Frequently asked questions

Is a heat pump cheaper to run than a gas boiler in the UK?

In a well-insulated home, yes. A heat pump at SCOP 3.5 delivers heat at roughly 6.9p per kWh on current UK averages; a 90 percent efficient gas boiler delivers it at roughly 7.8p per kWh. On a heat-pump-friendly time-of-use tariff, the gap widens to several hundred pounds a year. In a poorly insulated home running at SCOP 2.5 or below, gas can come out cheaper, which is why the heat-loss survey matters before you commit.

Do heat pumps work in winter?

Yes. Modern R290 units from Samsung, Vaillant, and Ideal deliver full rated output down to around -10°C, which covers the coldest days the UK mainland sees in a typical year. They keep working below that with reduced output. Defrost cycles handle frost on the outdoor coil automatically, and a correctly sized system uses weather compensation to lift flow temperature only when it has to.

Do I need to replace my radiators for a heat pump?

Sometimes.
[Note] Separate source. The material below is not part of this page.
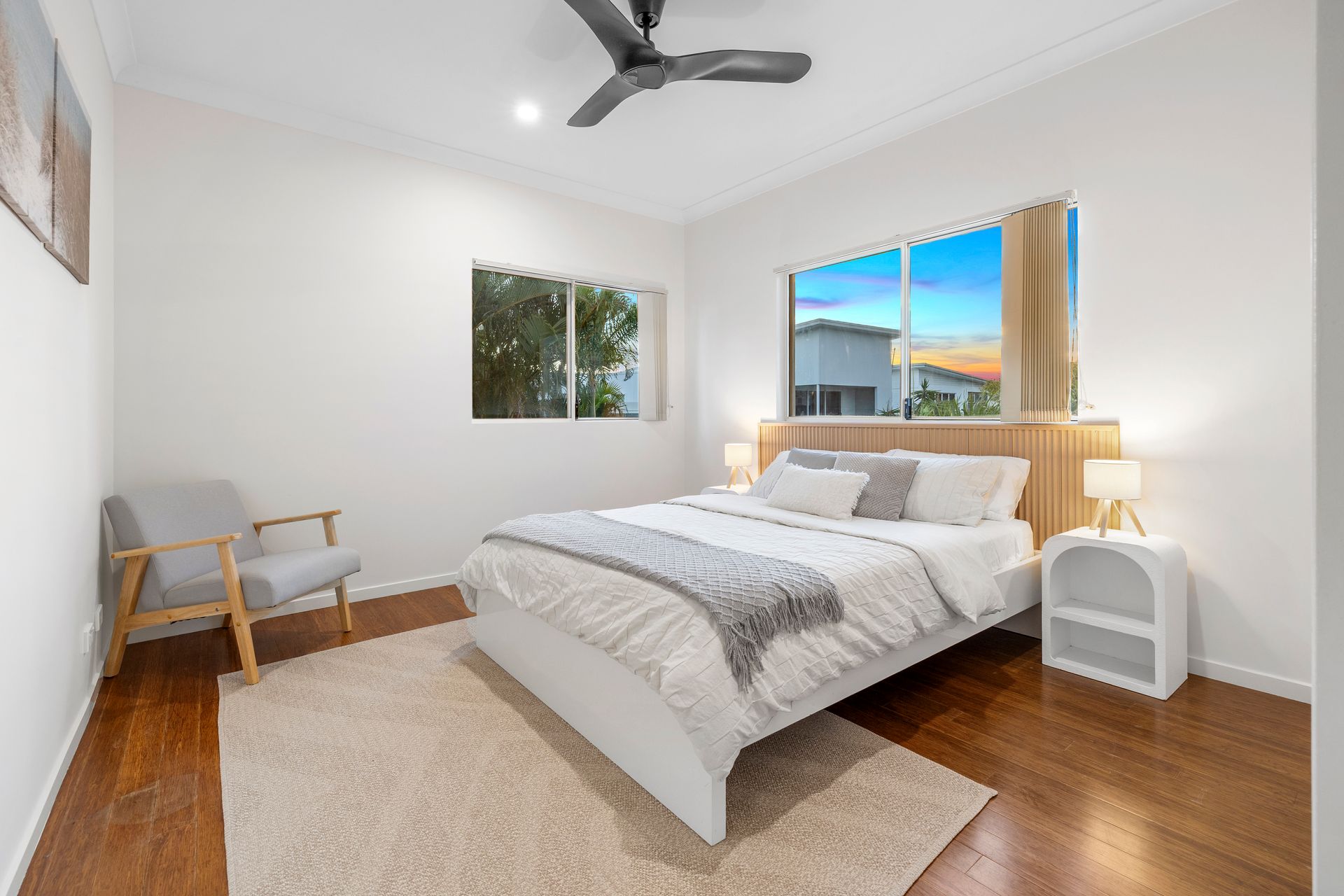 Large downstairs bedroom with direct access to the outdoor patio. Bedroom features a King bed, desk, arm chair, ceiling fan, plus a large ensuite including shower, his-and-hers sinks, separate toilet and large corner bath (no spa). A portacot and fold out single bed is also available for children who wish to be with their parents.

Heat pumps run at lower flow temperatures than gas boilers (35 to 50°C against 60 to 70°C), so they need more emitter surface to deliver the same heat output into a room. The MCS-certified survey calculates room-by-room heat loss and identifies which radiators need to grow. In well-insulated homes most radiators stay; in poorly insulated rooms two or three may need an upgrade. UKEM bakes any required changes into the quote up front.

How loud is a heat pump?

Modern R290 units span about 35–46 dB(A) at 1 metre on published sound-pressure tables (Samsung Quiet Mode 35 dB(A); Vaillant aroTHERM plus 5 kW 46 dB(A)). That is quieter than most fridge/freezer noise in the same room and, with sensible siting, normally clears the MCS acoustic check at the neighbour's window. Indoors you will not hear it from another room.

Do I need planning permission for a heat pump?

Most installations qualify for permitted development as long as the unit is more than 1m from the property boundary, sits below 1.7m³ in volume, and meets the MCS 020 noise calculation. Listed buildings and conservation areas have stricter rules. The full conditions are on the gov.uk guidance page. The MCS survey checks the rules against your property and applies for any consent that is needed.

What grants are available for heat pumps in 2026?

The Boiler Upgrade Scheme (BUS) pays up to £7,500 off the install when your property and installer meet the published rules. Heat pump installations are zero-rated for VAT until March 2027. UKEM applies for the BUS grant on the homeowner's behalf as part of the install. Scotland uses Home Energy Scotland instead of BUS; the principle is similar, the application route is different.